WHISKEY SERENADE by Ralph Small and Mitchell Kitz, directed by Eli Lukawitz, with Sam Owen, Jennifer Gould, Drew Carnwath, Alison Smith, Patric Masurkevitch and Jamie Sussman. Presented by Tribal Productions at the Studio Theatre, Toronto Centre for the Arts (5040 Yonge). Runs to November 23, Tuesday-Saturday 8 pm. $30, stu/srs discount. 416-870-8000. Rating: NN Rating: NNNNN
here's a great topic for a show: the outlaw couple who ruled Canadian organized crime in the teens and 20s. Immigrants Bessie Starkman and Rocco Perri -- she's Jewish, he's Italian -- meet, and she soon leaves her husband and daughters for a life of rum-running, murder and bootlegging.The story here becomes the disappointing musical Whiskey Serenade, with humdrum tunes by Mitchell Kitz and a tangled, confusing book by Ralph Small. Sometimes the story of Bessie (Jennifer Gould) and Rocco (Sam Owen) is played out before us, and sometimes it's narrated by newsman David Rodgers (Drew Carnwath), whose role is as two-dimensional as all the other figures.
That's not the fault of Gould, who brings the show its only dramatic life. The writing keeps her too much on the sidelines after setting up the story as hers and suggesting that she's the gang's brains and energy. There's no spark between her and the wooden Owen; if we're not convinced why they ran away together, there's no story.
The only moment when one character connects with another comes when a seductive French Canadian (Alison Smith, who sings the title song) sidles up to Rodgers in a speakeasy.
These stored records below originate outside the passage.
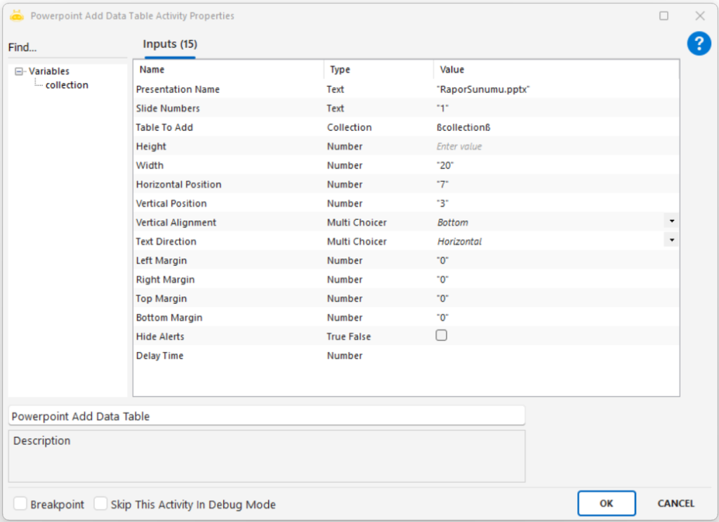 PowerPoint sunumuna, belirli bir slayta Collection türünde veri tablosu eklemek için kullanılır. Eklenen tablonun boyutları, hizalama seçenekleri ve slayt üzerindeki konumu bu aktivite ile detaylı şekilde ayarlanabilir.
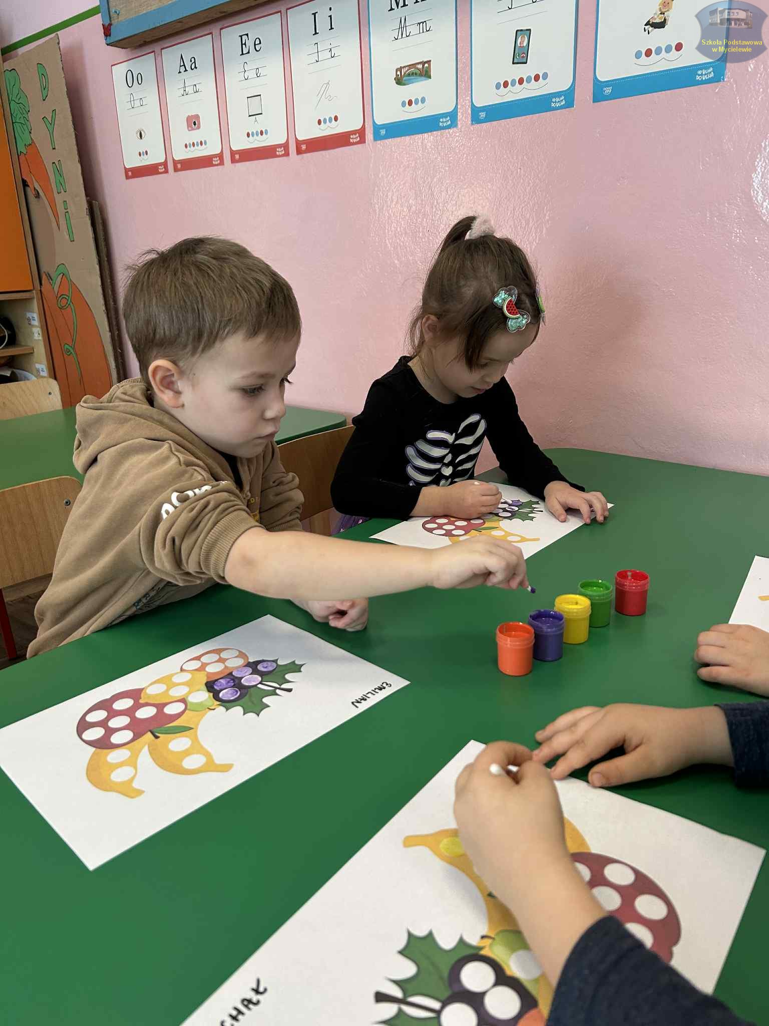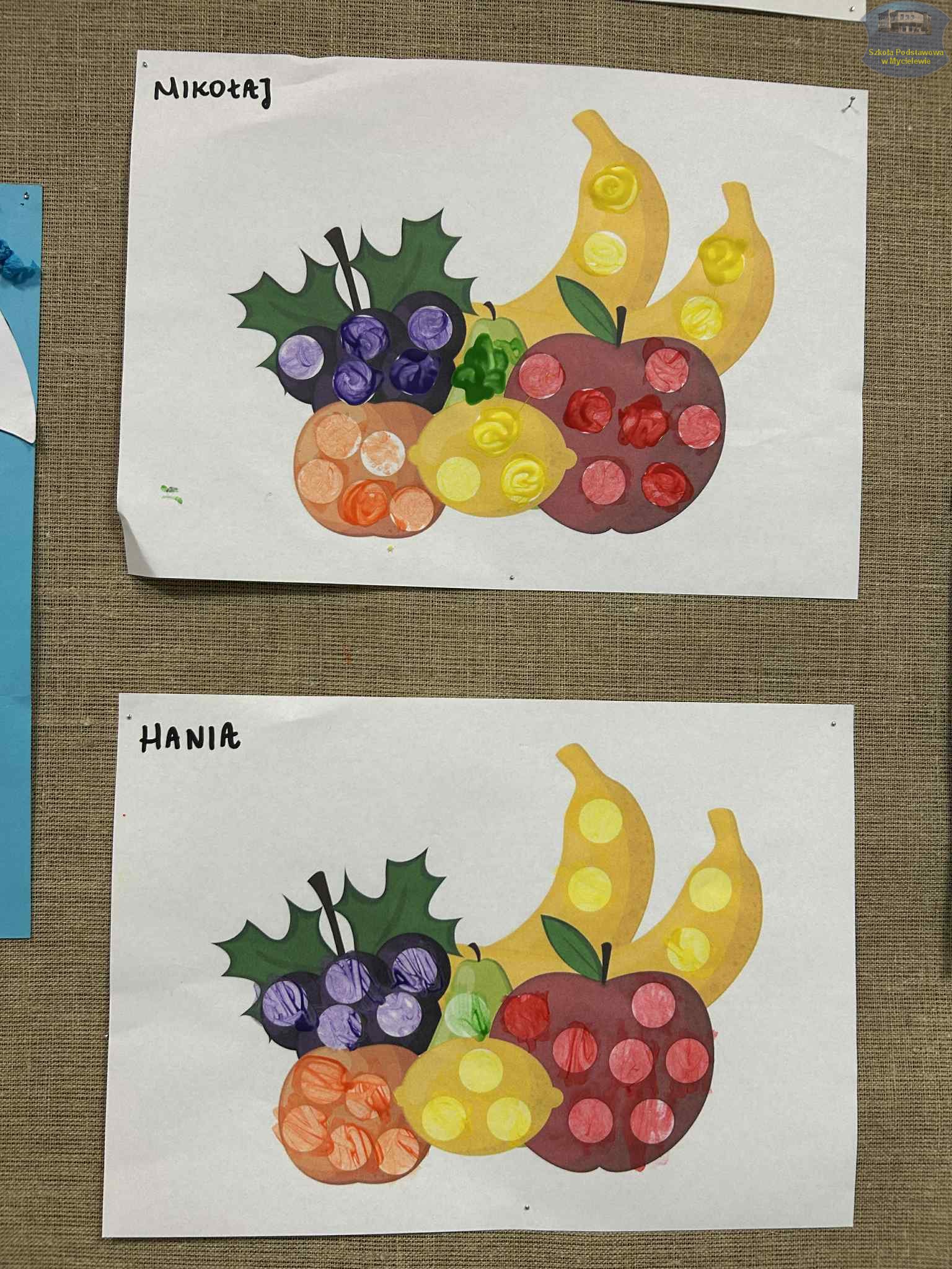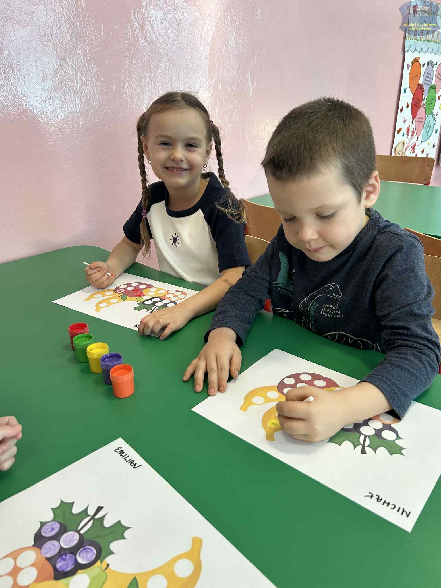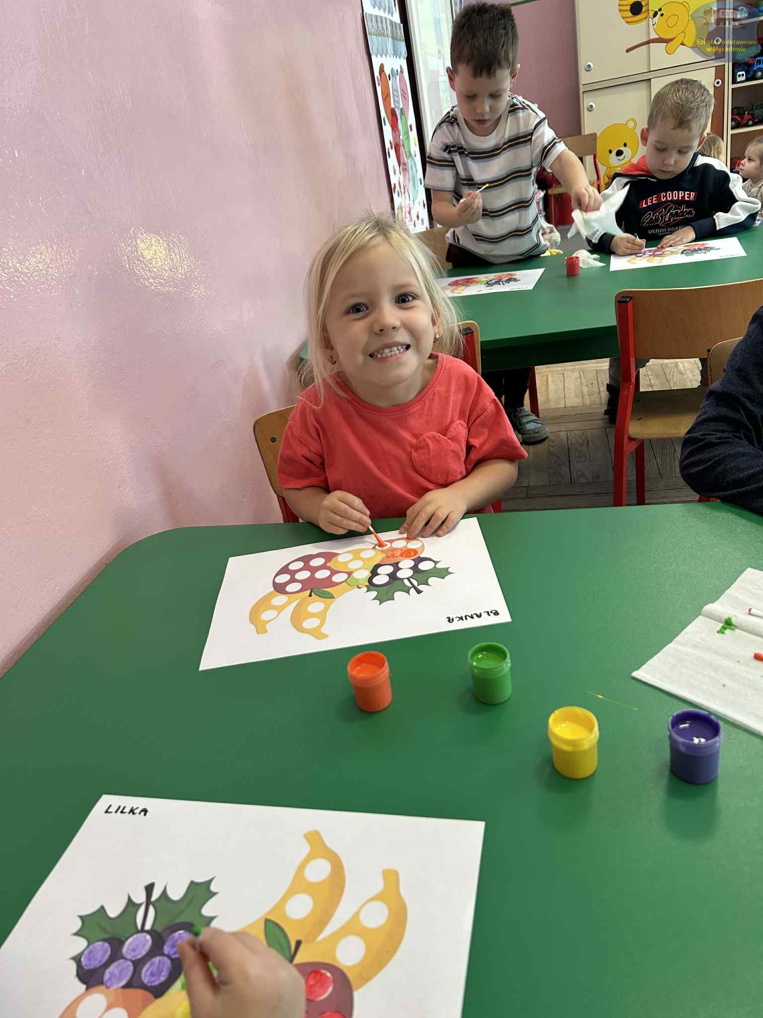 Po zakończeniu pracy dzieci samodzielnie uporządkowały stanowiska, a następnie przystąpiły do kolejnych aktywności związanych z Dniem Zdrowego Jedzenia. Kontynuowały temat poprzez krótką grę edukacyjną, obejrzenie filmu oraz wykonanie pracy plastycznej, utrwalając w ten sposób zdobytą wiedzę o zdrowym odżywianiu. Na zakończenie nie zabrakło także wesołych zabaw ruchowych, podkreślających znaczenie aktywności fizycznej w codziennym życiu.
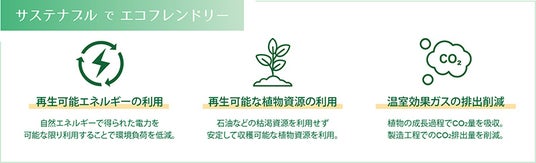 美肌効果としては、抗光老化作用、コラーゲン産生促進、メラニン産生抑制など、複数の作用メカニズムによる多角的なアプローチでエイジングケア効果を発揮します(図2)。さらに、iVC 3GA-greenは100%植物由来の原料であり、製造工程においても環境負荷を最小限に抑えたサステナブルな成分です(図3)。
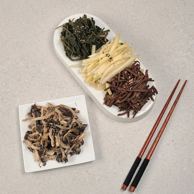 고사리의 쫄깃함, 도라지의 아삭함, 취나물의 구수한 향, 느타리의 부드러움까지! 조화로운 네 가지 반찬입니다.
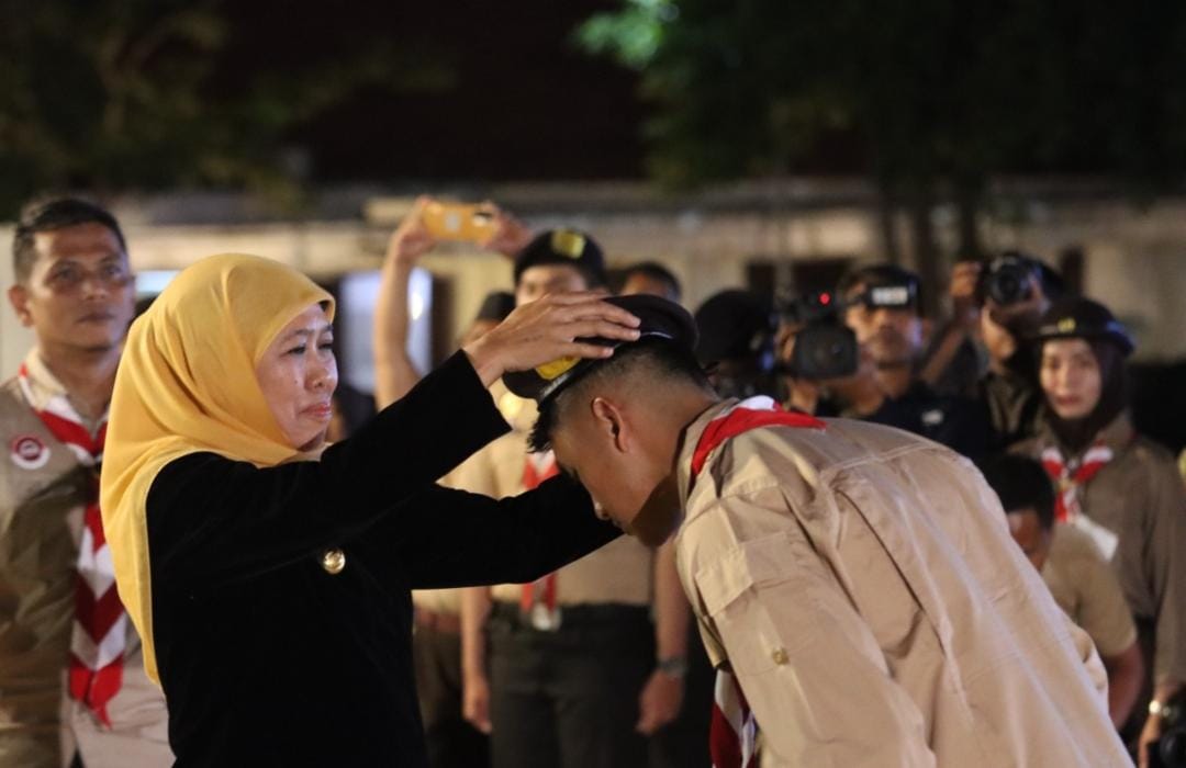 Sambutan dan apresiasi Kak Khofifah Indar Parawansa Gubernur Jawa Timur saat penyematan hasduk dan baret kepada Mario Aji sebagai Duta Pramuka Jawa Timur

I'm all for new Canadian musicals, but why is this show a musical? The songs add little that strong dialogue couldn't present more effectively. The worst moment is an extraneous production number with Latin rhythms called Belleville To Cuba, set in a courtroom but played out, as is the rest of the show, in front of the cemetery where Bessie has just been buried.